Tuesday, 7 June 2011

no motivation

We had three hours or so of rain today, so I eventually cleaned the floors and did more house tidying.
I wish I could see this house as home, but it only felt like it when Col was here. The village certainly feels like home, so that is good anyway.

I just have no motivation to do stuff. I escaped to the garden twice yesterday. I was doing needed jobs there, but that isn't the point.

Funeral tomorrow. Hopefully that will give me another Moving On Point.
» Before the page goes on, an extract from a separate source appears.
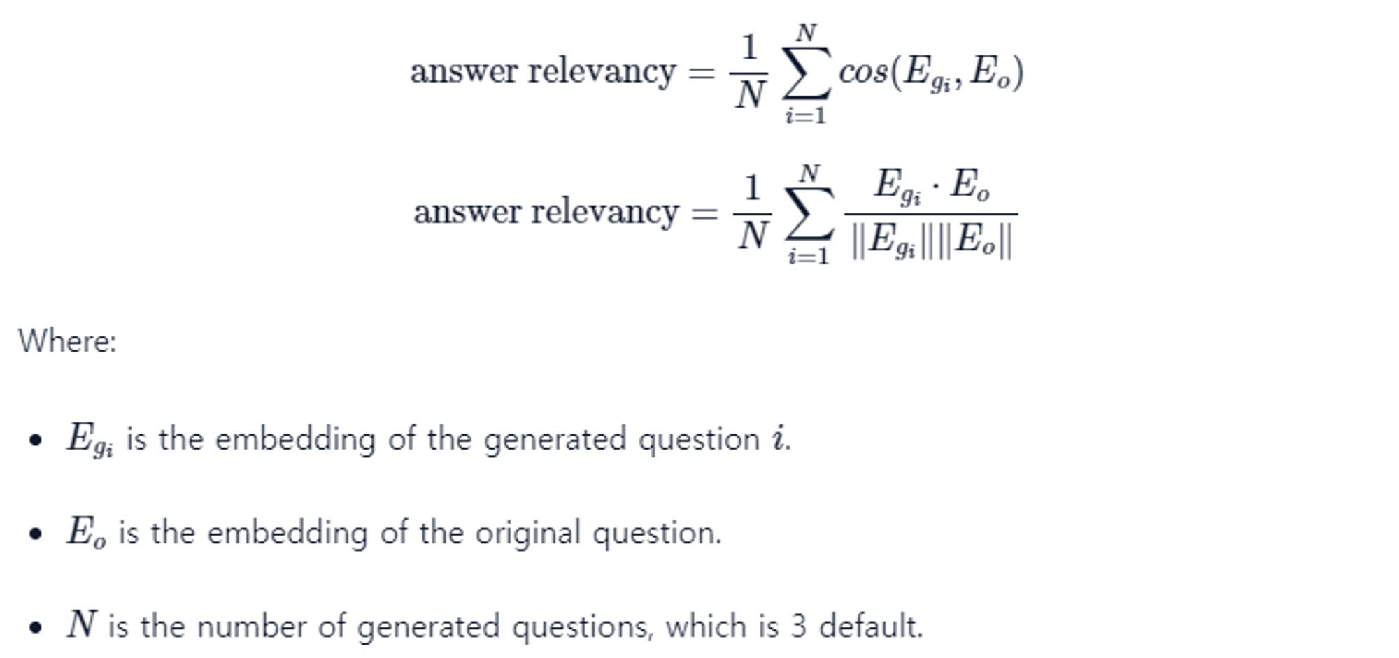 - $$ \\text{답변 적합성} = \\frac{1}{N} \\sum_{i=1}^{N} \\cos(E_{g_i}, E_o) $$

Go to find more stuff to sort and recycle.....

19 comments:

kjsutcliffe said...

It will pass, that 'nothing' feeling.It never fully goes but it becomes bearable. It is natural and understandable - I wish I could help.

Here is a *((hug))*

My word verification was colisere

gz said...

Col is 'ere indeed. In spirit if nothing else.

a hug and a smile helps.

Anonymous said...

In that case, here's another for you, from me ((gz))

So glad you have the village. Will be thinking of you tomorrow. Hold tight. xx

Sandy Miller said...

finally raining here today, badly needed.

many things are badly needed to keep us going and my top three are hugs, coffee and a thimble of good spirits!

best to you gz.........

Jo said...

Hugs from me too. Don't be surprised at feeling unsettled - it's all perfectly natural. It's summer (even in Wales!) so take full advantage of the outside jobs that need doing and enjoy them. Being out in the fresh air will do you far more good than a freshly hoovered carpet!

xxx

Kath said...

I'm sure the funeral will serve as a kind of punctuation point for you. I rmember well the feeling you describe, when my Dad died suddenly aged 61.
I would think about starting a new project in the garden and then think "Whats the point, he's not here to see it".
After a while the feeling passed and I realised he is always there, just out of sight x

gz said...

Yes, I think Zhoen is the only other I have seen asking you to leave a (o) stone/pebble. It makes sense.
Then you know what interesting people have called by, noyt just how many!

The Cranky Crone, she lives alone! said...

(O)
I only just found your site yesterday infact, loved your pottery and the thought we sounded pretty similar!
Well It was only today when I saw your mention funeral that I know we have more in common that just books, pottery and love of the wild, my husband passed on 5 years ago now, pretty suddenenly, as he was a strong outdoors type never been ill, or let anything get him down, just quitely got on with life and love.

My thoughts are with you.
Lynne

Compostwoman said...

Hope tomorrow goes as well as it can, gz and have a ((hug)) from me.

WOL said...

Wrong season of year, I know, but the last two lines are pertinent.
http://grundlepodmark2.blogspot.com/2011/02/samhain.html

gz said...

yes WOL, he is there, keeping me strong, laughing when I do things "his" way, just a warm presence

Michèle Hastings said...

the funeral will be another marker in your journey through grief. each one will bring a variety of feelings ranging from and fluctuating between deep sadness, sadness, anger and also happiness... happiness for the opportunity to have loved and been loved by someone very special...

yeractual said...

Tomorrow's a time for warm memories and moving on again, but always with an eye on the past, perhaps. Have strength, as usual. Best wishes.

Sara said...

More hugs from me gz, I hope you find some clarity after tomorrow.
Take care,
xx

Anonymous said...

thinking of you

Gary's third pottery blog said...

oh geez...wow, best wishes!

kjsutcliffe said...

Think of you

*((hug))*

x

Nera said...

(o) thinking of you today, sending a real welsh cwch xxx

Anonymous said...

Oh my, I have stopped by via 11am and realised I've found you at a very sad time.
Your recent posts are very moving - love and strength shine through.
I hope today went as you wanted it to, and that it helps your healing move forward.